Syrian government gains more ground in rebel-held eastern Ghouta

Cheryl Sanders
March 12, 2018

As the Syrian army pushes deeper into Eastern Ghouta under cover of a hammering bombardment, the 400,000 civilians the United Nations says live in the enclave have been crowded in dark basements to cower from the ceaseless bombing.

Recapturing the enclave would mark one of the most significant victories for President Bashar Assad in the seven-year civil war. More than 1,000 people have been killed since the large-scale government offensive began on February 18.

Rebels in Syria's battered Eastern Ghouta shot dead a civilian Monday taking part in a protest calling for a deal to end regime attacks on the enclave, a Britain-based monitor said.

"Civilians across Eastern Ghouta are too afraid to leave the cellars and do not know anything about what is happening over ground other than through the sound of bombs that have continued to pound the area for weeks", said Fawal.


The military's advances have apparently also increased the fear and confusion among residents and armed groups inside the territory.

There were further talks on Sunday and Monday, after which Jaysh al-Islam announced that "an agreement was reached with the Russian side through the United Nations for a humanitarian medical evacuation of the wounded for treatment outside of Eastern Ghouta".

The Observatory, which tracks death tolls using a network of contacts inside Syria, said it had identified more than 350,000 of those killed, and the remainder were cases where it knew deaths had occurred but did not know the victims' names.

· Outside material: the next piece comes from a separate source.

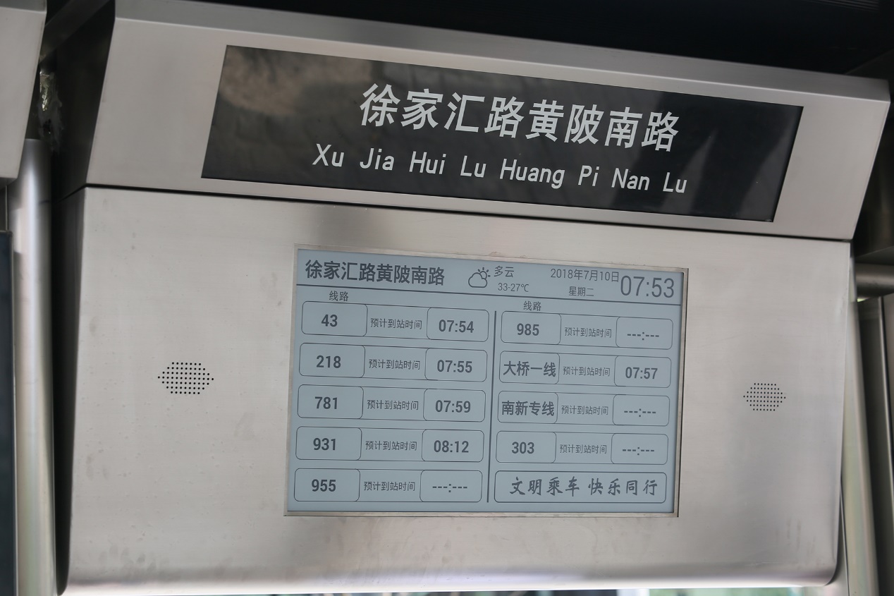 如今,随着智能交通和物联网技术的不断发展,充满不确定性的“等公交”之旅也变得尽在掌握之中。从2018年中开始,上海市中心城区陆续建设了一批电子墨水屏站牌,即使在太阳光的直射下,白底黑字的信息依然清晰可见。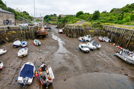 Amlwch, UK- July 8, 2022: Fishing boats moored at Amlch port in North Wales at low tide

A statement issued by Free Syrian Army factions there late on Saturday said they had taken a decision not to accept a surrender and negotiated withdrawal.

At least 1,162 civilians have been killed, including 241 children, according to the Syrian Observatory for Human Rights.


He said people are fleeing out of fear that Turkish troops and Turkey-backed Syrian opposition fighters might commit atrocities against the Kurds and minorities in the town.

He says Turkish troops have destroyed water and power stations that supply the town of Afrin, making it hard for people to stay. He blamed Russian Federation and Turkey for what he called "war crimes that are being committed in Afrin".

Meanwhile, Syria's state-run SANA news agency reported that government forces had evacuated "dozens of civilians" from Misraba to shelters in government-held areas, according to AFP.

Turkey launched a military offensive against the US -backed Syrian Kurdish militia known as YPG, to clear its fighters from the enclave of Afrin. Ankara considers the YPG a terror organization linked to its own Kurdish insurgency, but France backs the fighters in the war against the Islamic State group.